Large Language ModelsThree.js3D Interactive WorldsBrowser-native 3DSimulationRenderingWebGLState VerificationSandboxed ExecutionBehavioral Contracts
Authors
Shuo Lu, Yinuo Xu, Kecheng Yu, Siru Jiang, Yongcan Yu, Yubin Wang, Haitao Yang, Yuxiang Zhang, Bin Wang, Ran He, Jian Liang
Abstract
Large language models (LLMs) are increasingly asked not only to write static interfaces, but to construct executable interactive worlds from natural language. Browser-native 3D, commonly built with Three.js, is a natural next frontier: generated programs must integrate assets, obey spatial and physical constraints, and keep user-facing controls synchronized with hidden runtime state.

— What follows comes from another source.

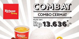 Combat (Combo Cermat) dari Richeese Factory! Harga paket mulai dari Rp13.636. Tambah minum dengan Rp3.636.

Existing web-generation benchmarks and evaluators, however, largely observe only pixels or DOM nodes, while the mechanics of a Three.js world unfold inside an opaque <canvas>. We introduce WorldCoder-Bench, a benchmark for autonomous, physically grounded 3D world synthesis. WorldCoder-Bench contains 2,026 expert-curated tasks across Simulation, Rendering, and Application scenarios, with optional .glb assets and hidden behavioral contracts. We further propose StateProbe, an execution-based protocol that probes generated programs in a sandboxed browser and verifies hidden, mutation-hardened contracts over runtime states and transitions. Beyond verification coverage, we report Return on Automation and Time Efficiency Multiplier to measure correctness-adjusted cost and time savings. Across nine frontier models, the best system reaches only 27.8% verification coverage on WorldCoder-Core and 19.9% on WorldCoder-Robust, with failures dominated by state-schema drift and broken interaction chains rather than missing scene elements. Utility metrics further show that cheap or fast models can still provide substantial value on easier domains. WorldCoder-Bench is available at https://anonymous.4open.science/r/WorldCoder-Bench/.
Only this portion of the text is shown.